Ma pare che a poter fare "festa" pubblica a Torino siano solo i ben istruiti scolaretti a strisce che hanno demolito mezza città, perchè domenica sera gioca anche la squadra di Venaria e si rischiano grossi problemi di ordine pubblico. Ma cosa volete? Che ci scappi il morto questa volta? Molti "birbaccioni reazionari" è da anni che aspettano una occasione di tale crisi per instaurare una "bella repressione" e sbatterci un "bel coprifuoco". A Roma non riescono neppure ad organizzare lo spostamento dei tifosi per rifiuto dell'ATAC a fornire i bus e la juve ha avuto il toupè di chiedere il rinvio della nostra gara peraltro rifutato da non sò quale consiglio.

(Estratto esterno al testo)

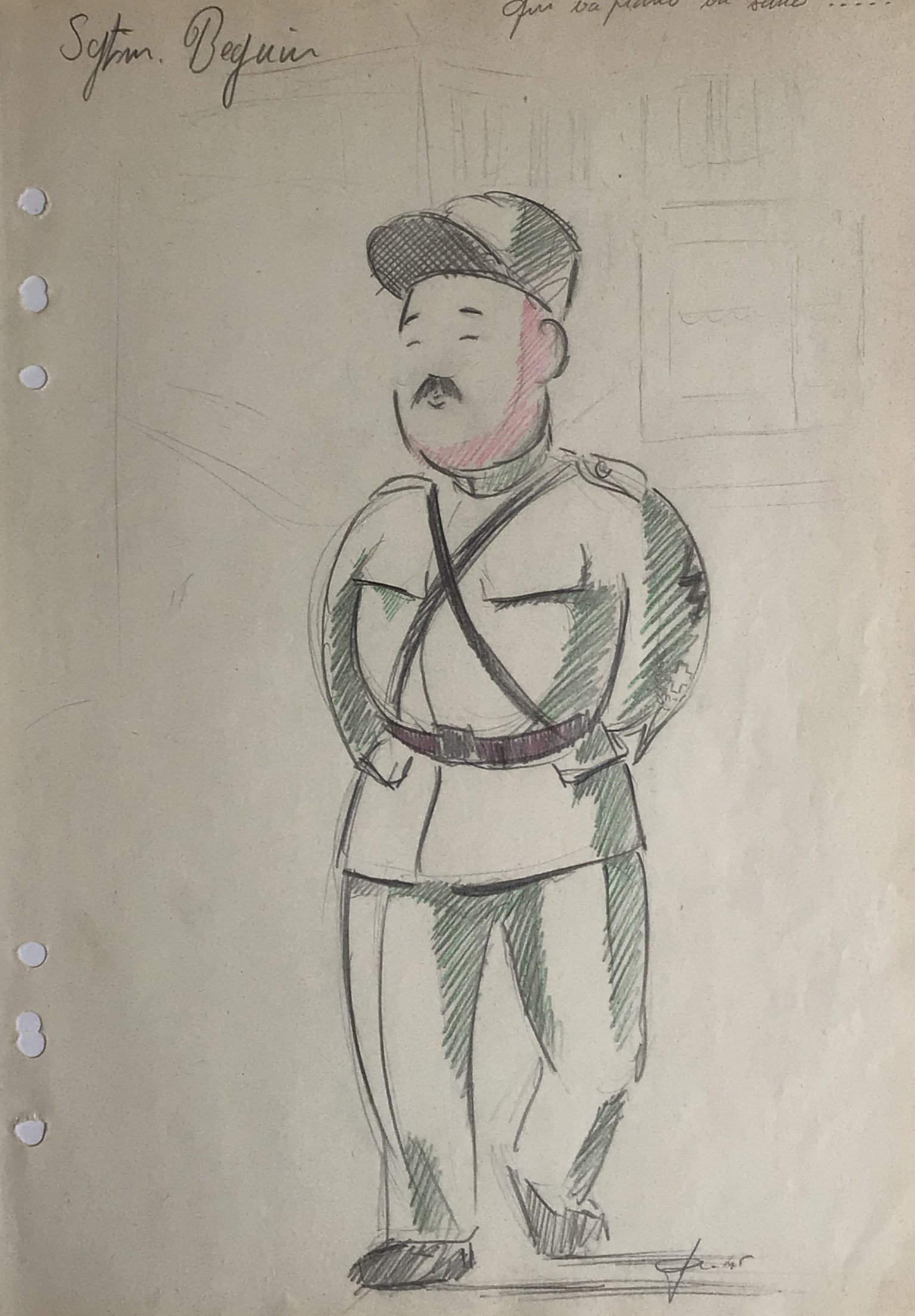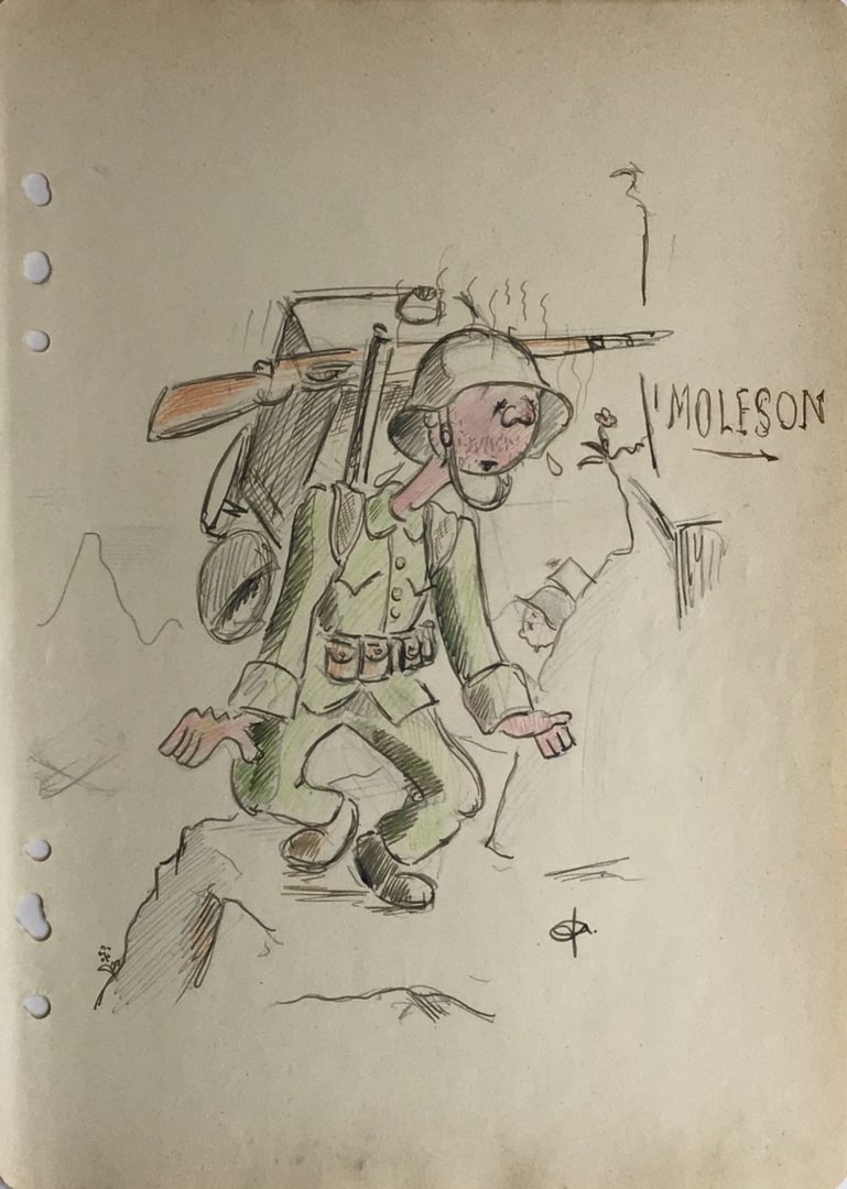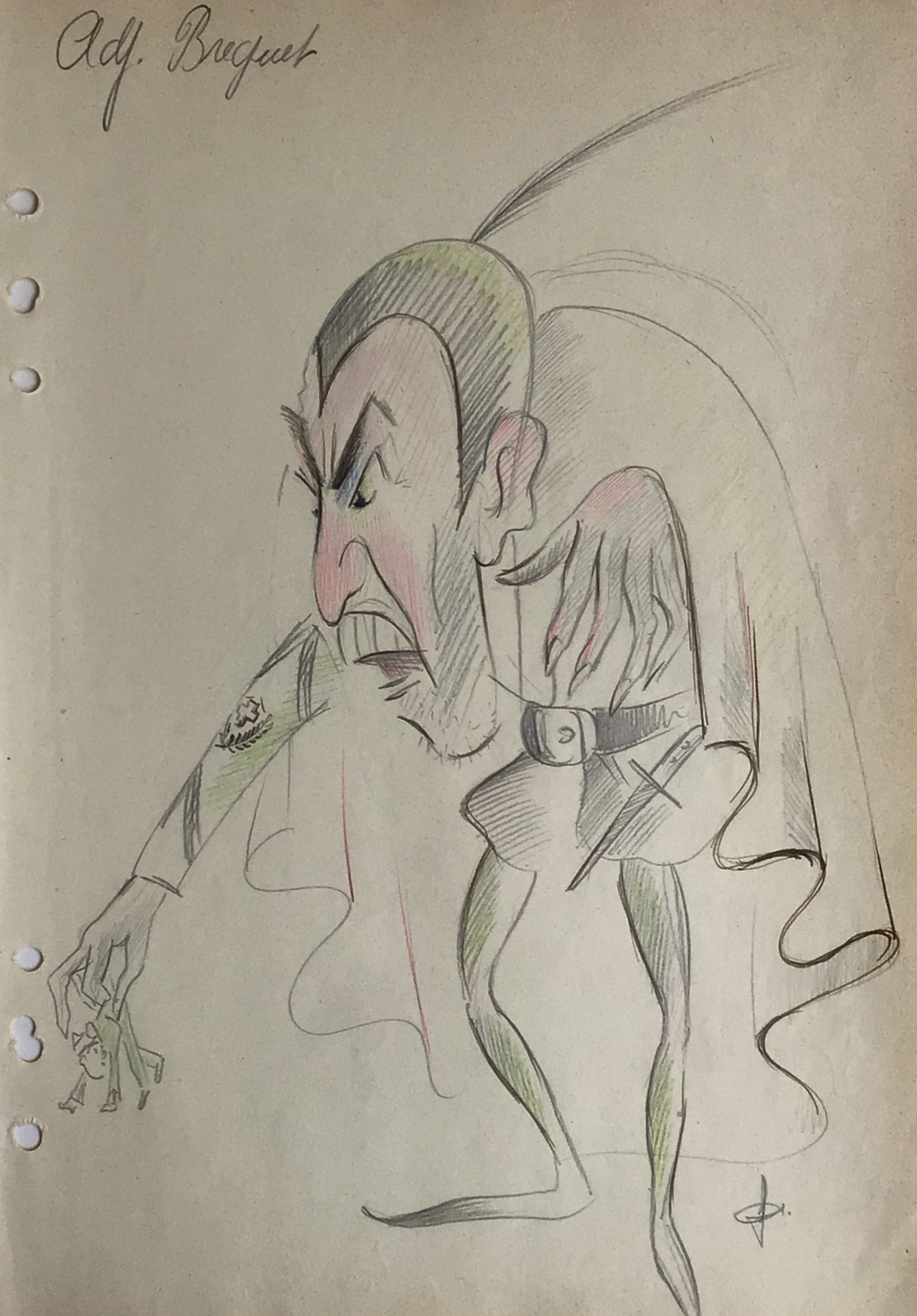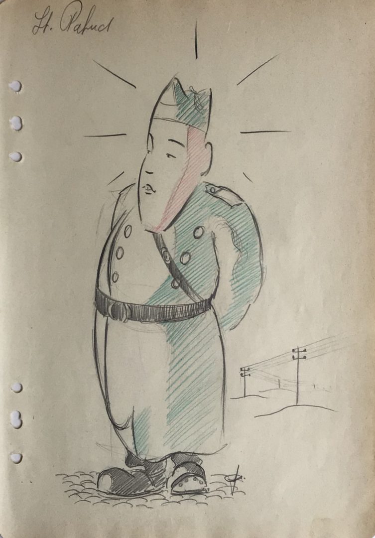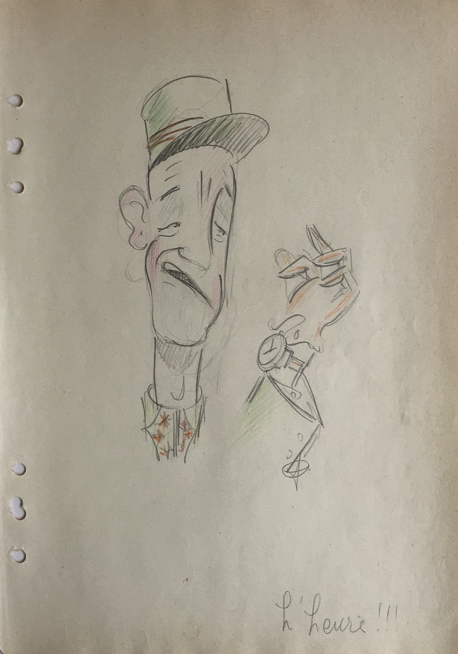 - Feuillet de divers dessins datant de 1945 à 1947 caricaturant la guerre.

Sono anni che aspettiamo e pregustiamo questo momento, la squadra che porta il nome e l'anima di questa Città gioca in casa e forse vincerà un campionato ed alle 20,00 o giù di lì dovremmo tutti saggiamente da buoni carcerati o burattini ripiegare le bandiere e tornarcene nella nostra casetta finita l'ora d'aria, per lasciare che gli ammaestrati ragazzini a strisce rimettano a ferro e fuoco la nostra bella Città? Spostino loro la giornata della finale di Coppa Italia, pardon Tim Cup, che: "Domenica è Domenica "ed il Toro torna in serie A e le autorità per una volta si comportino secondo i principi per i quali sarebbero sensate esistere ed accompagnino una festa gioiosa evitando un bagno di sangue.


Sarebbe meraviglioso se, una volta tanto, i potenti e privatissimi interessi si piegassero alla volontà della piazza e del buon senso, ma non si voglia mai che si inverta, aprendo gli occhi ed il cuore, un sistema dove a perderci sono tutti, sarebbe troppo bello e lungimirante.

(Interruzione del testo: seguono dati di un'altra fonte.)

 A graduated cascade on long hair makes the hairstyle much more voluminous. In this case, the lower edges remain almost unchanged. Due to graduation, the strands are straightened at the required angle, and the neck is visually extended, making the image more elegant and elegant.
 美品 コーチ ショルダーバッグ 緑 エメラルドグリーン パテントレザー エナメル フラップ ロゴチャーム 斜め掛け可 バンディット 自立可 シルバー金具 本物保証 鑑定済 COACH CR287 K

Lo ribadisco: sarebbe un bellissimo segno se si spostasse la data della magnificente Tim Cup in virtù dell'assegnazione della Coppa degli splendidamente poveri, poveri come quelli che si son sparati per paura delle tasse, poveri come i cassanintegrati, poveri come il 60% buono dell'Italia tutta. Poveri e ricchissimi laddove un sorriso non costa nulla ed è per quello che fa così paura a chi vorrebbe venderti anche l'aria, poveri di soldi e ricchi di anima: a chi il vero merito, a chi spetta dettare regole giuste per il futuro ormai presente?

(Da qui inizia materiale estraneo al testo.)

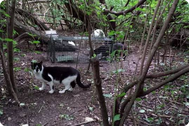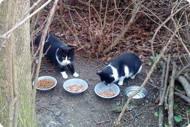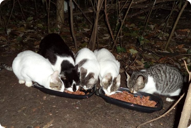 Oft erhält der Verein Hilferufe von Menschen, die auf herrenlose Katzen aufmerksam geworden sind. Sie leben im Verborgenen und werden von vielen Menschen gar nicht wahrgenommen bis sie zum Problem werden. Der Verein hat es sich zur Aufgabe gemacht diese Katzen einzufangen, zu kastrieren und wenn möglich wieder an ihren Ursprungsort zurück zu bringen. Dort werden Futterstellen eingerichtet, die von Mitgliedern des Vereins oder auch von Privatpersonen betreut werden. So ist es auch bei einer Futterstelle außerhalb von Biebesheim geschehen. Seit November 2013 betreut der Verein dort eine Stelle für freilebende Katzen. Sie wurden kastriert und werden regelmäßig mit Futter versorgt. Durch Spenden war es möglich zwei Schutzhütten aufzustellen um den Katzen im Winter einen warmen und trockenen Zufluchtsort zu bieten. Bei Bedarf organisiert der Verein auch die tierärztliche Betreuung, sowie eine regelmäßige Entwurmung. Außer den einmaligen Kosten der Kastration und Kennzeichnung fallen folgende Kosten pro Katze an: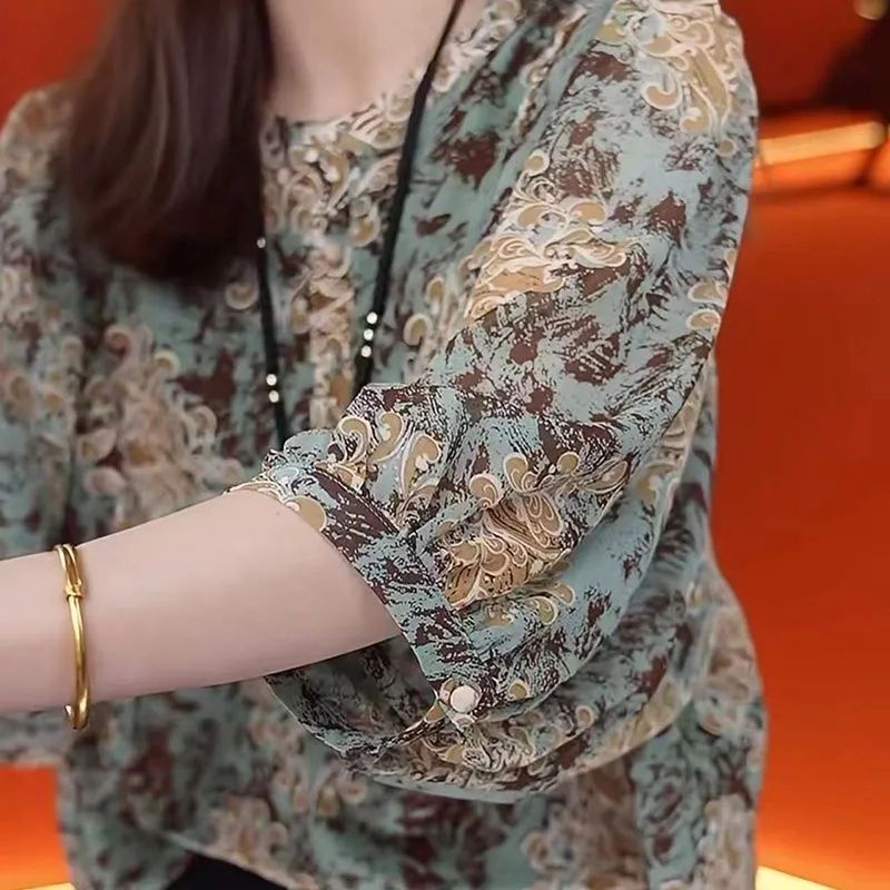 여름 여성을 위한 루즈하고 슬림한 7부 소매 스타일 쉬폰 셔츠 새로운 디자인 패셔너블한 프렌치 스타일 꽃무늬 라운드 넥 탑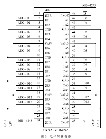 LF2407A的工作電壓為3.3V,A/D轉(zhuǎn)換器MAXl25的工作電壓為5V.不能直接接口,需要引入電平轉(zhuǎn)換電路,這里選取16位的SN74ALVCl64245做電平轉(zhuǎn)換器。轉(zhuǎn)換器左側(cè)B端是5V的邏輯電平.與MAXl25 A/D轉(zhuǎn)換器接口;右側(cè)A端是3.3V的邏輯電平,與LF2407A接口。具體電路見(jiàn)圖3。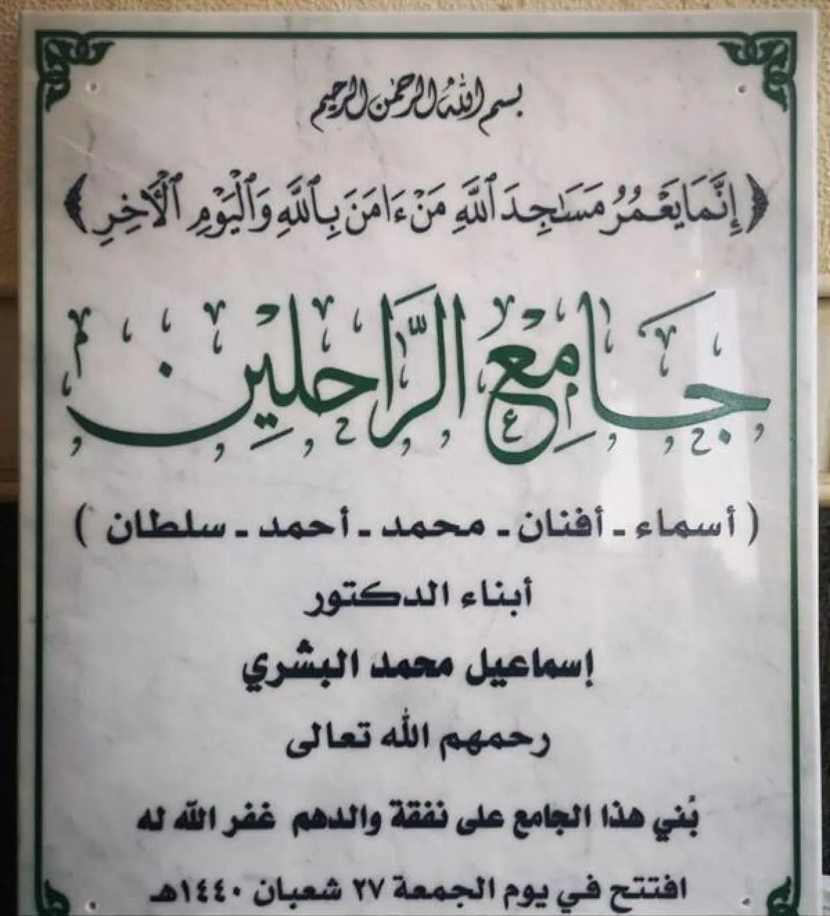 ولإيمان "البشري" بقضاء الله وقدره لم يكن يملك إلا أن يصبر ويحتسب مصابه عند الله _عز وجل_، ويفكر بعمل خيري يعود أجره وثوابه إلى أبنائه الخمسة فما كان منه إلا أن بنى "جامع الراحلين" بحي الموظفين بأبها، والذي افتتحه يوم أمس الجمعة.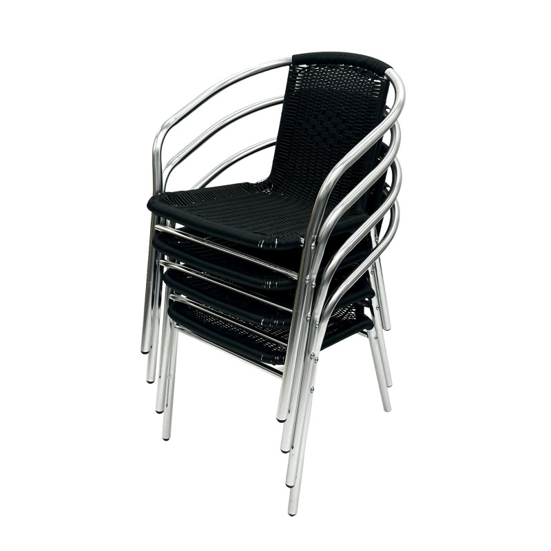 Our BE Furniture Rattan Aluminium chairs are designed for commercial and home use and are one of our best selling chairs. Built from aluminium with a black plastic rattan seat and back, these chairs last for years and are resistant from corrosion and general wear and tear.

Splendida, dolce, poverissima, immensa, fortissima squadra mia. Poi ci resta ancora il fato, che tra Torino e Napoli di magia se ne consuma molta e pare che il Dio Toro che si manifesta con tuoni e fulmini abbia già opzionato i cieli del nordovest italiano per tutto il week end sciogliendo ogni dubbio su di chi sia il cielo e la terra domenica.


Che festa sia allora e festa baganta, e magari sarebbe immenso come il cielo ed il mare vedere tutta la notte girare per Torino le bandiere delle due più popolari e spledide comunità sportive d'Italia.